Step Two: Estimate Employment Costs
A bad reputation certainly affects staffing, a major percentage of any company’s costs. Reputation risk undermines employee retention and make it hard to recruit new talent. According to a CareerBuilder survey, 71 percent of U.S. workers will not apply to a company with negative press. This increases staffing costs which affects operating margins. Poor publicity can drive away your best employees and create a talent vacuum.
While you might retain valuable team members, you could end up paying them 20 percent more because of a poor reputation. Research by the Harvard Business Review with ICM Unlimited found that a company with 10,000 employees and a bad reputation could be spending $7.6 million in additional wages to counter it. That’s around $4,723 per hire. Replacing them is also expensive—according to a Center for American Progress study, it costs $10,000 to replace an employee earning $50,000 a year.
Executives are impacted, too. A study in Harvard Business Review found that executives from scandal-tainted firms are paid six percent less, on average, than peers. For financial-industry executives, the “scandal penalty” rises to ten percent.
Step Three: Look at How Rankings Reflect Reputation and Revenue
In 2020, Boeing fell 65 places on the Axios Harris Poll 100 reputation rankings as the 737 Max disasters, supply-chain upheaval and disclosures of lofty executive compensation took their toll. How did the reputation decline affect financial performance? News reports indicate Boeing’s plane orders in 2020 hit a 30-year low—even as jet orders at rival Airbus reached record highs.
A 2018 global study by London-based Pentland Analytics, Reputation Risk in the Cyber Age, study compared UK telecommunications firm TalkTalk with US home-improvement retailer Home Depot after they were hacked. TalkTalk lost $1.4 billion in market cap—a third of its value—in the year after it was attacked, while the industry rose around 10 percent. Home Depot gained $30 billion (25 percent), significantly outperforming the S&P 500 in the 12 months following its data breach. The difference had to do with how each company handled their event.

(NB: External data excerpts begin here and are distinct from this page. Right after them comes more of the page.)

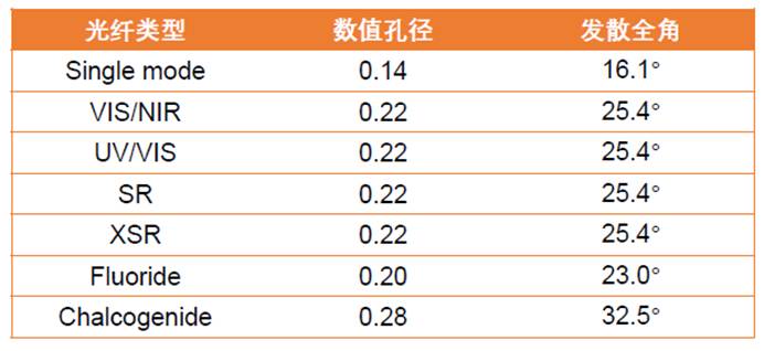 海洋光学大多数光纤的数值孔径NA都为0.22(如下表所示),若光纤处于真空或空气中,光纤的发散半角即全反射角为αmax=12.7°(全角大约25.4°)。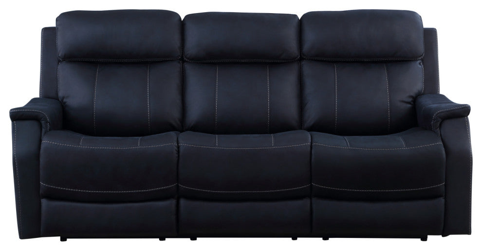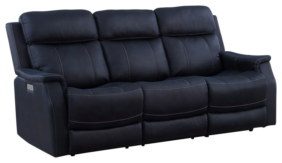 A smartly tailored Reclining Sofa with gentle shaped seats and a luxurious nubuck leather-like cover, the Valencia Sofa has power headrest and power footrest in a clean contemporary silhouette. Hand-stitching that mirrors the shaped seat and a svelte scoop arm are some of the many details that make this frame specials. A control panel on each end controls the power and comes with a convenient USB charging port.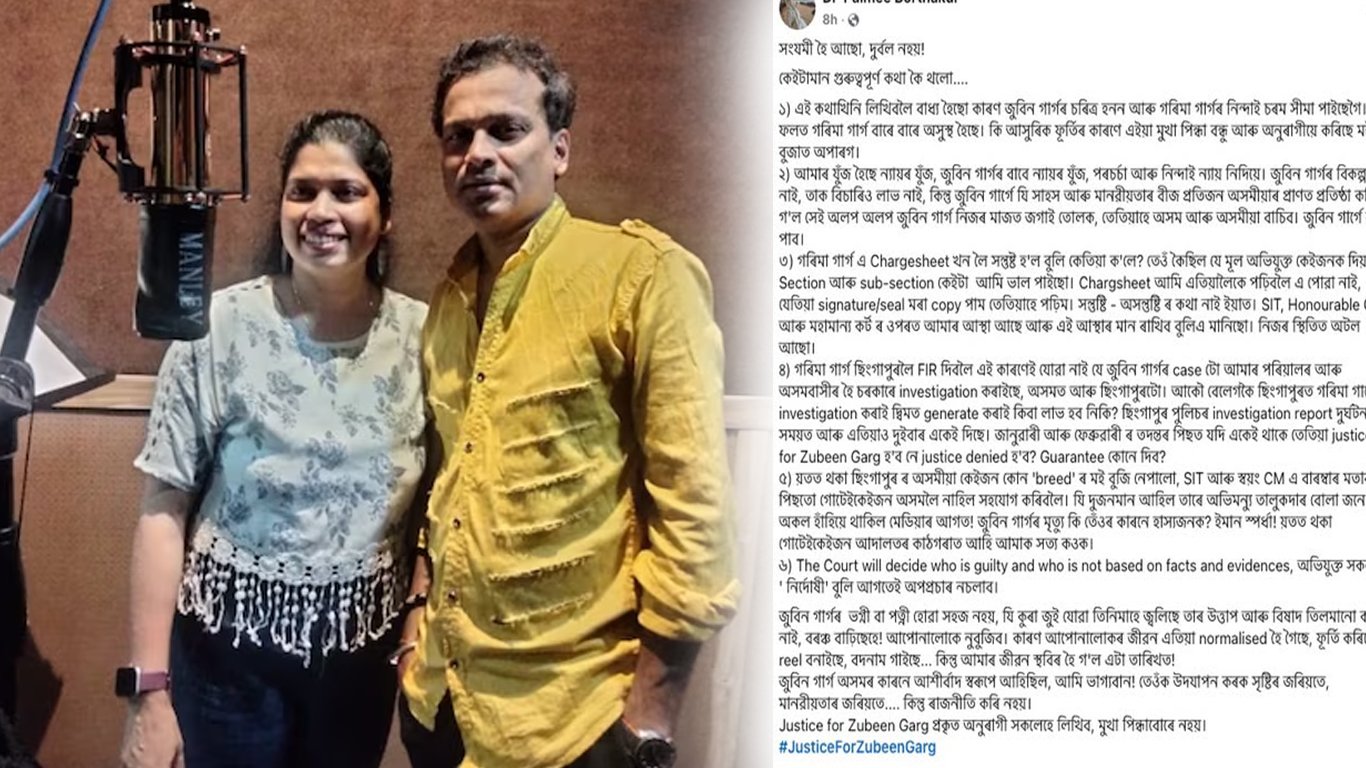তেওঁ লগতে লিখিছে, ‘‘জুবিন গাৰ্গৰ ভগ্নী বা পত্নী হোৱা সহজ নহয়, যিকুৰা জুই যোৱা তিনিমাহে জ্বলিছে তাৰ উত্তাপ আৰু বিষাদ তিলমানো কমা নাই, বৰঞ্চ বাঢ়িছেহে! আপোনালোকে নুবুজিব। কাৰণ আপোনালোকৰ জীৱন এতিয়া নৰ্মেলাইজড হৈ গৈছে, স্ফূৰ্তি কৰিছে, ৰীল বনাইছে, বদনাম গাইছে… কিন্তু আমাৰ জীৱন স্থবিৰ হৈ গ’ল এটা তাৰিখত! জুবিন গাৰ্গ অসমৰ কাৰণে আশীৰ্বাদস্বৰূপে আহিছিল, আমি ভাগ্যৱান! তেওঁক উদযাপন কৰক সৃষ্টিৰ জৰিয়তে, মানৱীয়তাৰ জৰিয়তে, কিন্তু ৰাজনীতি কৰি নহয়। Justice for Zubeen Garg প্ৰকৃত অনুৰাগীসকলেহে লিখিব, মুখা পিন্ধাবোৰে নহয়।’’

Step Four: Tally up the Aftermath
How a company determines the severity of reputational impact and responds to it definitely impacts the financial hit to its reputation. Failure to clearly communicate with stakeholders about the situation, the inability to halt negative media coverage, and/or the lack of an effective and immediate response can result in longer-lasting damage to a company’s reputation, which may ultimately cost enormous sums and many years to rectify.

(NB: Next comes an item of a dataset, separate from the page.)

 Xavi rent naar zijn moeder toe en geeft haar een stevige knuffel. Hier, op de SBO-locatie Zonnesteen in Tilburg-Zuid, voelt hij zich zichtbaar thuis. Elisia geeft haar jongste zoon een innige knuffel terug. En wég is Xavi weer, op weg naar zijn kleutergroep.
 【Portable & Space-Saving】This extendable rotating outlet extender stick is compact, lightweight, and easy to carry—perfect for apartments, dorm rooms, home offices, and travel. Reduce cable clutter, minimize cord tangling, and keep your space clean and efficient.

Skillful management makes a big difference in market perceptions after a negative event. The Pentland Analytics study analyzed share-price fluctuations of 125 companies during the calendar year following a reputational crisis. It found that companies recover from share-price losses after a crisis faster when senior management communicates with stakeholders swiftly (and globally, if relevant)—and if the company launches an active program that directly addresses the damage associated with the crisis event.

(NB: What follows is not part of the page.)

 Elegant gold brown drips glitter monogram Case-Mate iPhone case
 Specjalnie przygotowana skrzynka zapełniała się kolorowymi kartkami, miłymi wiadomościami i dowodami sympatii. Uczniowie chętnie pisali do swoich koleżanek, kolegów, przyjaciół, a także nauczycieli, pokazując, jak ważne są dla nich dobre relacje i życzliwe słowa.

Highly responsive companies gained an average 20 percent in market value in the 252 trading days after their reputation crisis, while less proactive companies lost an average 30 percent.
Understand the Total
Keep in mind, reputation deals with perceptions—different perspectives, agendas and opinions makes for subjective territory, depending on stakeholder priorities and expectations. For example, employees may be happy about across-the-board wage increase, while investors may be less so.
The important point to keep in mind when assessing the cost of a bad reputation is, who are the stakeholders concerned—and how much of a priority do they consider a topic to be?